Let $r$ and $R$ be the radii of the inner and outer circles respectively. Then, \[\frac{dr}{dt}=10\text{ cm/sec}\] \[\frac{dR}{dt}=7\text{ cm/sec}\]

Area between the two circles is given by, \[A=πR^2-πr^2\] Differentiating with respect to $t$, \[\frac{dA}{dt}=2πR\frac{dR}{dt}-2πr\frac{dr}{dt}\] \[\frac{dA}{dt}=2πR×7-2πr×10\] \[\frac{dA}{dt}=14πR-20πr\]

When $R=30\text{ cm}$ and $r=24\text{ cm}$, \[\frac{dA}{dt}=14π×30-30π×24\]\[=-60π \text{ cm}^2\text{/sec [decreasing]}\] Hence, the area between the circles is decreasing at the rate of $60π\text{ cm}^2\text{/sec}$.

### A $2.5\text{ m}$ ladder leans against a vertical wall. If the top slides downwards at the rate of $12\text{ cm/sec}$, find the speed of the lower end when it is $2\text{ m}$ from the wall.

Let $AC$ be the ladder and $BC$ be the wall.

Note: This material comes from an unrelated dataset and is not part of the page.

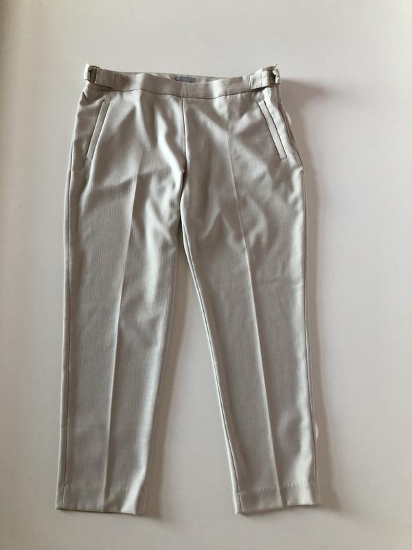Интересно сделаны на талии, на вид как лён Длина по боковому шву 90, внутренний шов 77, пояс 45, поб 54, посадка впереди 27, посадка сзади 41,ширина штанины в районе паха 33, в низу 17, тянется
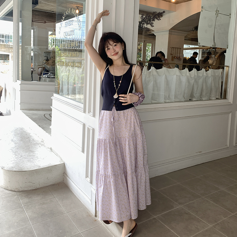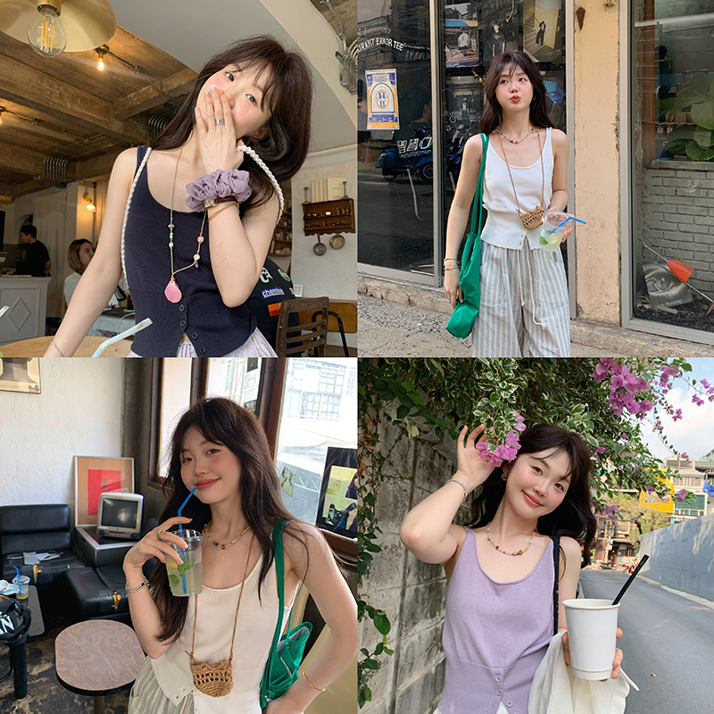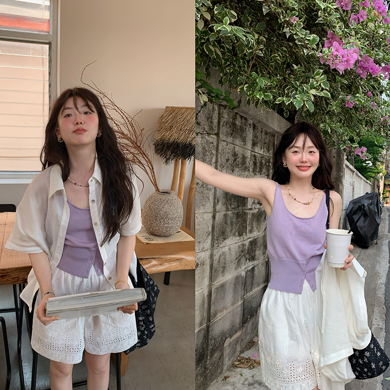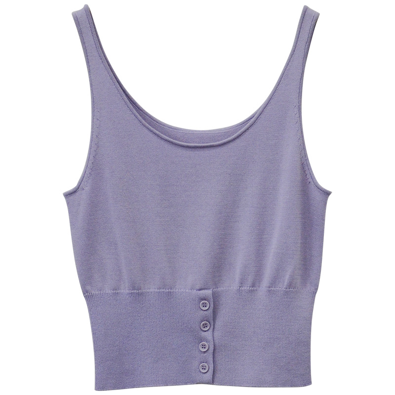 一三良品小个子 收腰纽扣白色针织吊带上衣背心女夏无袖外穿内搭

Also, let $AB=x$ and $BC=y$ at any time $t$. Then, \[\frac{dy}{dt}=-12\text{ cm/sec}\] Now, \[AC^2=AB^2+BC^2\] \[2.5^2=x^2+y^2\] Differentiating with respect to $t$, \[0=2x\frac{dx}{dt}+2y\frac{dy}{dt}\] \[0=2x\frac{dx}{dt}+2y×(-12)\] \[2x\frac{dx}{dt}=24y\] \[\therefore \frac{dx}{dt}=\frac{12y}{x}\] When $x=2\text{ m}$, \[2.5^2=2^2+y^2\Rightarrow y=1.5\text{ m}\] \[\therefore \frac{dx}{dt}=\frac{12×1.5}{2}=9\text{ cm/sec}\] Hence, the speed of the lower end is $9\text{ cm/sec}$ when it is $2\text{ m}$ from the wall.

### A man of height $1.5\text{ m}$ walks away from a lamp post of height $4.5\text{ m}$ at the rate of $20\text{ cm/sec}$. How fast is the shadow lengthening when the man is $42\text{ cm}$ from the post?

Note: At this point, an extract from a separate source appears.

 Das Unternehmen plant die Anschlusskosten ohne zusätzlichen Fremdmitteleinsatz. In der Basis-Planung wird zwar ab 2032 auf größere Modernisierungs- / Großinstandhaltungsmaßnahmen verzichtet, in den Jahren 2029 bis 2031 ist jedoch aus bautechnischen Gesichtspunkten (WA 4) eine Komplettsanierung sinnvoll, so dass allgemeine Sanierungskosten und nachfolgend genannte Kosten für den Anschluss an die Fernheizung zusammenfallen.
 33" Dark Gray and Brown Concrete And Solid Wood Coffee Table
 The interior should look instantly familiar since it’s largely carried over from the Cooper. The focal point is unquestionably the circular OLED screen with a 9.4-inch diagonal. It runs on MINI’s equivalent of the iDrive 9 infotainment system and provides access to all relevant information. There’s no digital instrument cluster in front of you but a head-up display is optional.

Let $PQ=4.5 \text{ m}$ and $AB=1.5\text{ m}$ be the lamp post and man respectively. Also, let $RB=x$ which is the shadow and $BQ=y$ at any time $t$. Then, \[\frac{dy}{dt}=20\text{ cm/sec}\] Now, \[\Delta RAB\sim\Delta RPQ\] \[\therefore \frac{RB}{RQ}=\frac{AB}{PQ}\] \[\frac{x}{x+y}=\frac{1.5}{4.5}\] \[\frac{x}{x+y}=\frac{1}{3}\] \[3x=x+y\] \[y=2x\] Differentiating with respect to $t$, \[\frac{dy}{dt}=2\frac{dx}{dt}\] \[20=2\frac{dx}{dt}\] \[\therefore \frac{dx}{dt}=10\text{ cm/sec}\] Hence, the shadow is lengthening at the rate of $10\text{ cm/sec}$.